## [Problem statement]
Pictures must not appear in the copy. Restate exactly the lines below from the one with "4. Once the" through the one with "قنداق فرنگی 2کاره مخمل میکرو اسب تک شاخ کرم", inclusive.

- - - - - - -

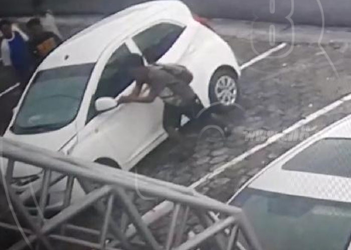 22 segundos son suficientes para que varios sujetos roben los espejos de unos vehículos estacionados a las afueras de una conocida ferretería, ubicada en Altamira, Managua.
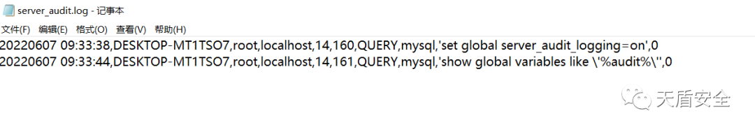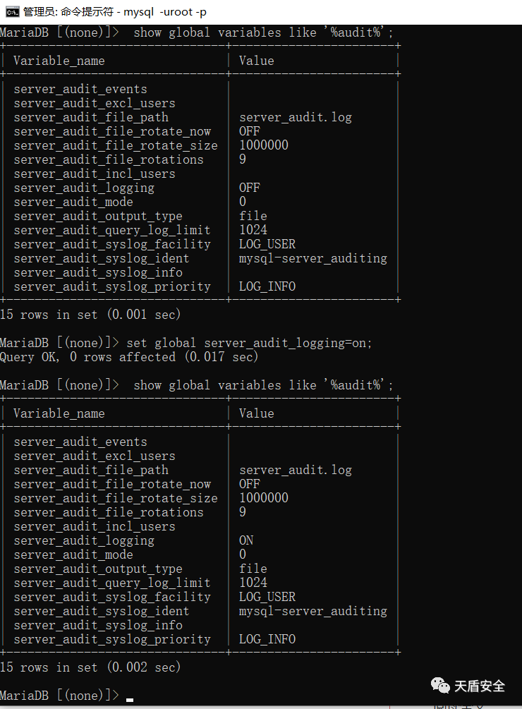 1)执行命令::show global variables like ‘%audit%’;“检查审计是否开启,如果未开启建议执行命令:“set global server_audit_logging=on;”开启审计。
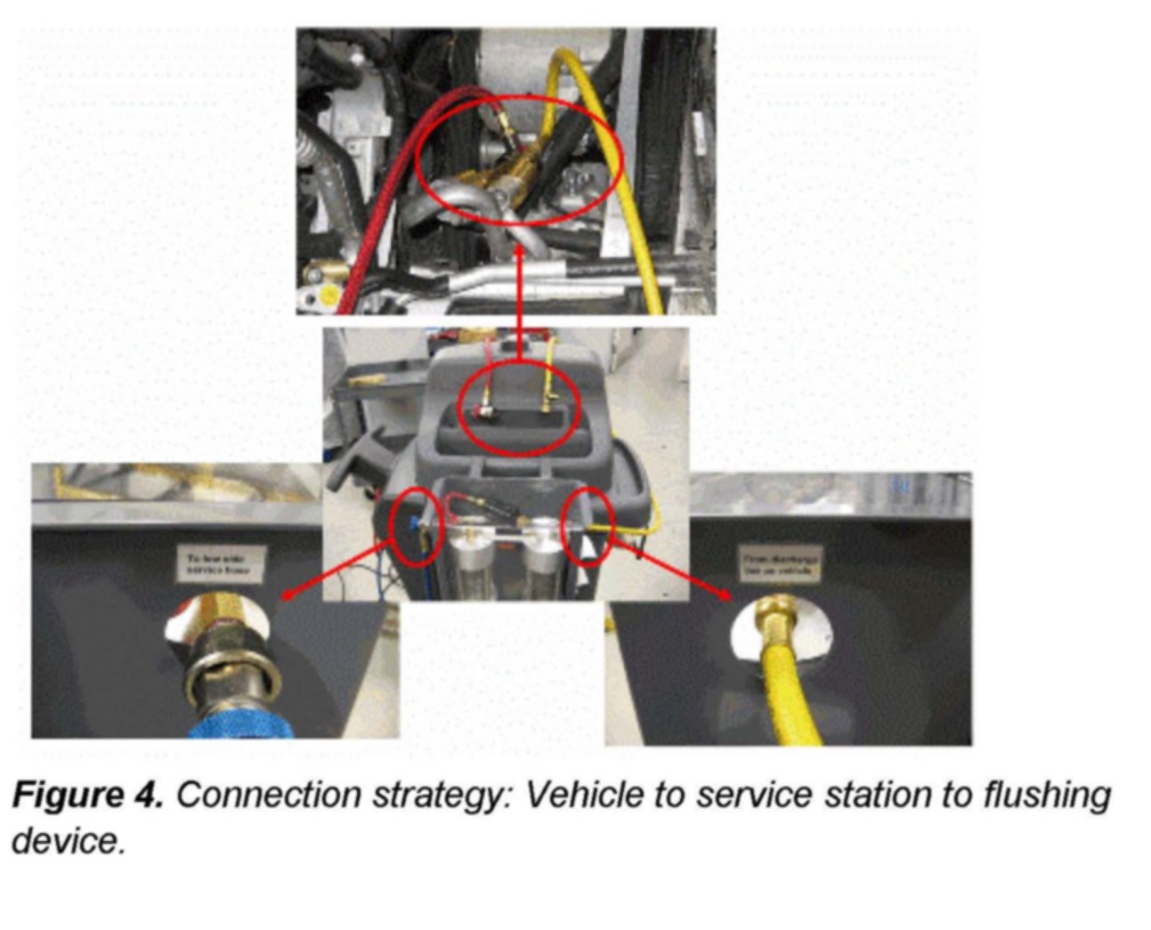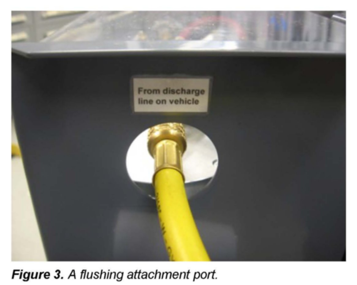 4. Once the appropriate adapters are in place, connect the service station to the vehicle through the air conditioning compressor hoses. The flushing attachment ports are labeled on the flusher.
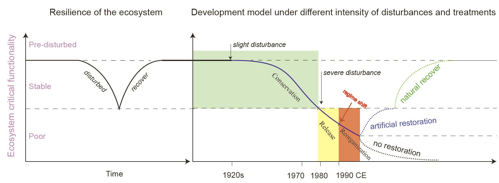 濕地生態(tài)系統(tǒng)相較于湖泊、河流生態(tài)系統(tǒng)等有著更強的彈性。對受損的濕地進(jìn)行恢復(fù),可以把該濕地“釋放”階段之前的生態(tài)特征作為濕地恢復(fù)的參考目標(biāo),之后濕地可通過自身的恢復(fù)力恢復(fù)到干擾前的狀態(tài),從而節(jié)約人工恢復(fù)成本和保持濕地恢復(fù)后的穩(wěn)定性。本研究得到國家自然科學(xué)基金(41571191; 41701217)和國家重點研發(fā)計劃(2016YFA0602301)的資助。相關(guān)研究成果發(fā)表在《Ecological Indicators》、《Science of the total Environment》上。
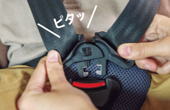 マグネットの力でタング同士がパッとくっつくので、ベルト装着がサッとできます。
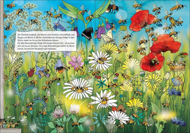 "Dieses detailreich illustrierte Sach-Wimmelbuch zeigt anschaulich, welche Aufgaben Bienen in der Natur haben und wieso sie für uns so wichtig sind." Mainova "Wunderschöne, leicht abstrakt anmutende und vor allem wimmelige Illustrationen treffen auf wirklich spannendes und kindgerecht erklärtes Sachwissen. Ein spannendes und nachhaltiges Buch für alle Bienenfans." lese_sessel, 08.05.2023 "Ein tolles Buch zur Förderung der Konzentration und zur Erweiterung des Wortschatzes." minibandme "Es gibt so viel zu entdecken für die Kleinen, es entstehen viele gute Gespräche und die Neugierde ist absolut geweckt - für uns ist das Buch absolut empfehlenswert." ellens_buchtisch
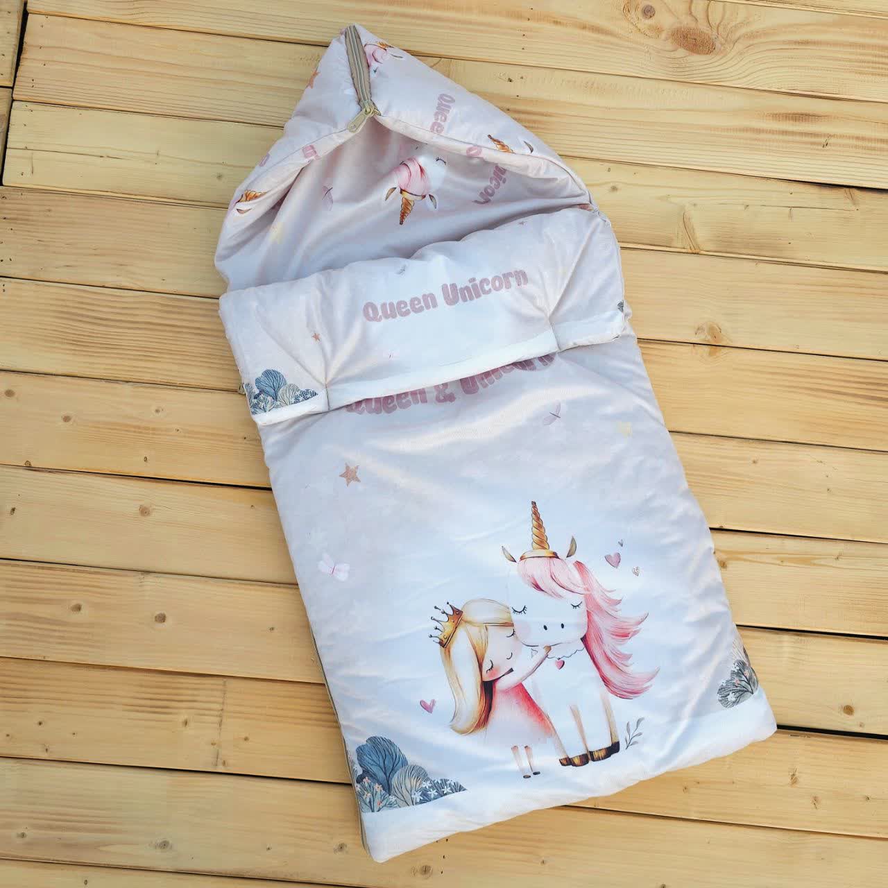 قنداق فرنگی 2کاره مخمل میکرو اسب تک شاخ کرم
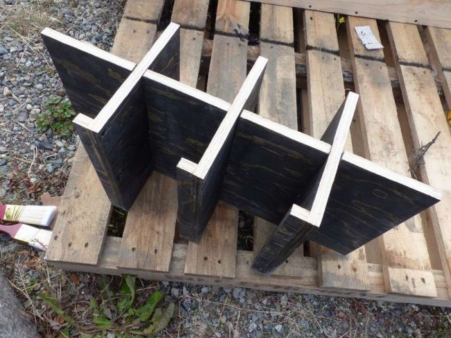 Потребуется одна широкая доска для стойки и пять маленьких для полок. Заготовки легко сделать самостоятельно, просто распилив древесину на нужное количество частей по размеру. В полки вбиваем гвозди по краям каждого элемента, и собираем конструкцию с помощью саморезов и клеевого пистолета. Каждый этаж можно украсить оригинальной табличкой с сортом вина, названием, годом урожая.
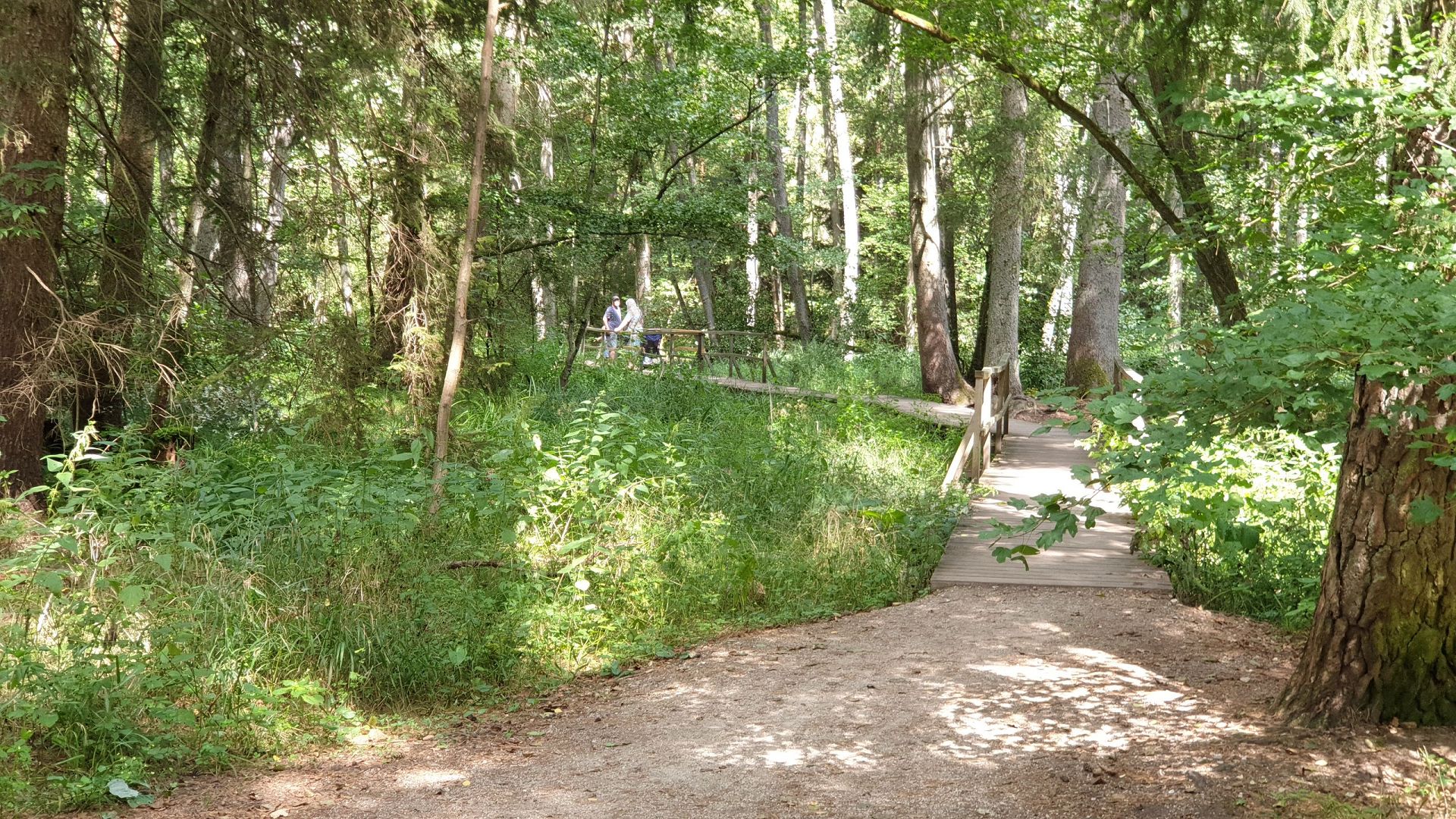 Moorbrücke: Etwa 1300 m hinter dem Holzweiher (ca. 400 m vor dem Valznerweiher) führt eine Holzbrücke durch das Feuchtgebiet des Hutgrabens. Ein Abstecher lohnt.

- - - - - - -

## [Answer]
 4. Once the appropriate adapters are in place, connect the service station to the vehicle through the air conditioning compressor hoses. The flushing attachment ports are labeled on the flusher.
 濕地生態(tài)系統(tǒng)相較于湖泊、河流生態(tài)系統(tǒng)等有著更強的彈性。對受損的濕地進(jìn)行恢復(fù),可以把該濕地“釋放”階段之前的生態(tài)特征作為濕地恢復(fù)的參考目標(biāo),之后濕地可通過自身的恢復(fù)力恢復(fù)到干擾前的狀態(tài),從而節(jié)約人工恢復(fù)成本和保持濕地恢復(fù)后的穩(wěn)定性。本研究得到國家自然科學(xué)基金(41571191; 41701217)和國家重點研發(fā)計劃(2016YFA0602301)的資助。相關(guān)研究成果發(fā)表在《Ecological Indicators》、《Science of the total Environment》上。
 マグネットの力でタング同士がパッとくっつくので、ベルト装着がサッとできます。
 "Dieses detailreich illustrierte Sach-Wimmelbuch zeigt anschaulich, welche Aufgaben Bienen in der Natur haben und wieso sie für uns so wichtig sind." Mainova "Wunderschöne, leicht abstrakt anmutende und vor allem wimmelige Illustrationen treffen auf wirklich spannendes und kindgerecht erklärtes Sachwissen. Ein spannendes und nachhaltiges Buch für alle Bienenfans." lese_sessel, 08.05.2023 "Ein tolles Buch zur Förderung der Konzentration und zur Erweiterung des Wortschatzes." minibandme "Es gibt so viel zu entdecken für die Kleinen, es entstehen viele gute Gespräche und die Neugierde ist absolut geweckt - für uns ist das Buch absolut empfehlenswert." ellens_buchtisch
 قنداق فرنگی 2کاره مخمل میکرو اسب تک شاخ کرم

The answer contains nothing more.